Department of Medicine, Division of Rheumatology, George Washington University School of Medicine and Health Sciences, Washington DC.
Department of Dermatology, George Washington University School of Medicine and Health Sciences, Washington DC.
Arthritis Rheumatol. 2023 Jul;75(7):1229-1237. doi: 10.1002/art.42450. Epub 2023 Jun 7.
This open-label, 24-week study was conducted to evaluate the safety and efficacy of abatacept in patients with refractory juvenile dermatomyositis (DM).

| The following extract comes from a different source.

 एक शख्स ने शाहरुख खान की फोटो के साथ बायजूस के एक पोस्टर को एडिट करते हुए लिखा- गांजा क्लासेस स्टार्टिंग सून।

Ten patients ≥7 years of age with moderate disease activity were enrolled in a 24-week study to examine the safety of subcutaneous abatacept and patient responses to the treatment. The primary endpoint was the International Myositis Assessment and Clinical Studies (IMACS) group Definition Of Improvement (DOI). Secondary endpoints included safety, changes in the core set activity measures (CSMs) of the IMACS group and the Pediatric Rheumatology International Trials Organization, and improvements in disease activity based on the American College of Rheumatology (ACR)/EULAR response criteria for juvenile DM. Radiologists blinded with regard to participant data assessed magnetic resonance images (MRIs) of patient thigh muscles. Interferon (IFN)-regulated gene score was performed on whole-blood RNA samples using a NanoString assay, and cytokines were assessed using a Luminex assay.

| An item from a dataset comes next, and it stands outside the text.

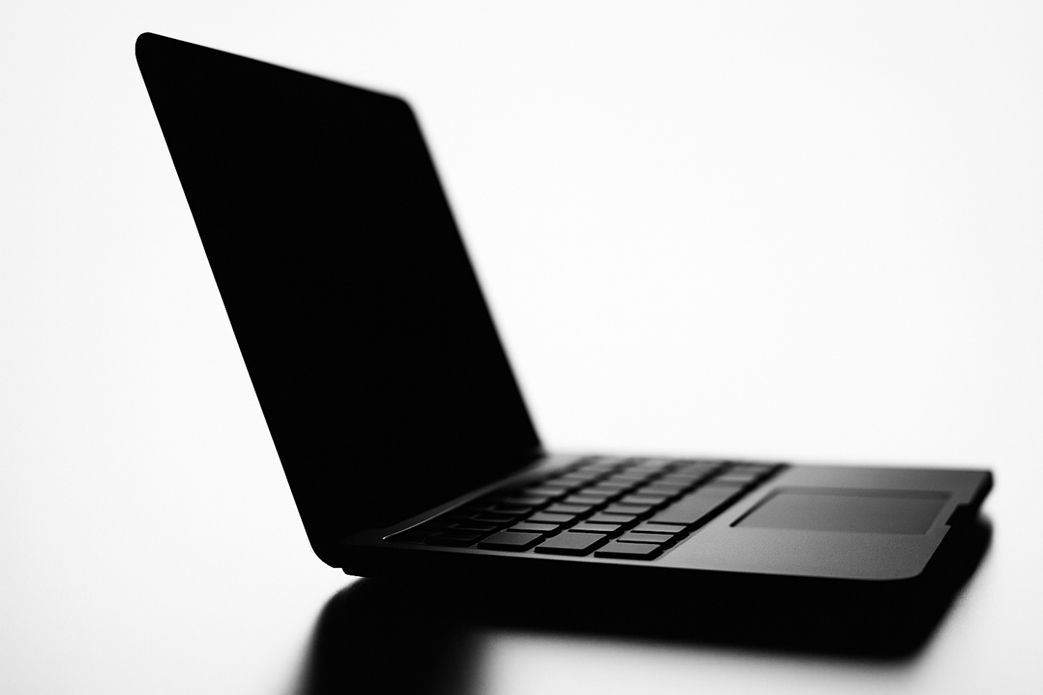 Minimalist silhouette of a sleek laptop partially open against a bright white background, showcasing its thin profile and modern design.

Five patients achieved DOI at week 12, and 9 patients achieved DOI at week 24, including 2 patients with minimal, 4 patients with moderate, and 3 patients with major improvement by the 2016 ACR/EULAR response criteria for juvenile DM when patients were assessed using the CSMs of the IMACS Group. Improvements from baseline were seen in all CSMs at weeks 12 and 24, except in muscle enzymes. Daily glucocorticoid doses decreased from a mean of 16.7 mg at baseline to 10.2 mg at week 24 (P = 0.002). Average MRI muscle edema scores decreased from a mean baseline score of 5.3 to 2.3 at week 24 (P = 0.01). Six patients had down-trending IFN-regulated gene scores and galectin-9 expression at week 24. Decreases in IFN-regulated gene scores and in levels of interferon-γ-inducible protein 10kDa, galectin-9, and interleukin-2 correlated with improvements in disease activity and in muscle edema shown on MRI. Eleven grade 2 or 3 treatment-emergent adverse events were observed.
This open-label study demonstrated that abatacept may be beneficial for patients with treatment-refractory juvenile DM.
本开放性、24 周研究旨在评估阿巴西普治疗难治性幼年特发性皮肌炎(DM)患者的安全性和疗效。
10 名年龄≥7 岁、疾病活动度中度的患者参与了 24 周研究,以检查皮下阿巴西普的安全性和患者对治疗的反应。主要终点是国际肌炎评估和临床研究(IMACS)组的定义改善(DOI)。次要终点包括安全性、IMACS 组和儿科风湿病国际试验组织的核心活动测量(CSM)的变化,以及根据美国风湿病学会(ACR)/幼年特发性皮肌炎欧洲联盟研究组(EULAR)反应标准评估的疾病活动改善。对患者大腿肌肉进行磁共振成像(MRI)评估的放射科医生对患者数据进行盲法评估。使用 NanoString 分析对全血 RNA 样本进行干扰素(IFN)调节基因评分,并使用 Luminex 分析评估细胞因子。
5 名患者在第 12 周时达到 DOI,9 名患者在第 24 周时达到 DOI,包括 2 名患者根据 2016 年 ACR/EULAR 反应标准评估为幼年特发性皮肌炎的患者时,达到最小、中度和重度改善的患者各有 4 名和 3 名。在第 12 周和第 24 周,除肌肉酶外,所有 CSM 均见从基线改善。从基线时的平均 16.7mg 每日糖皮质激素剂量降至第 24 周时的 10.2mg(P=0.002)。平均 MRI 肌肉水肿评分从基线时的 5.3 分降至第 24 周时的 2.3 分(P=0.01)。6 名患者在第 24 周时出现 IFN 调节基因评分和半乳糖凝集素-9 表达下降趋势。IFN 调节基因评分下降以及干扰素-γ诱导蛋白 10kDa、半乳糖凝集素-9 和白细胞介素-2 水平降低与 MRI 上显示的疾病活动改善和肌肉水肿减少相关。观察到 11 例 2 级或 3 级治疗后出现的不良事件。
本开放性研究表明,阿巴西普可能对治疗难治性幼年特发性皮肌炎患者有益。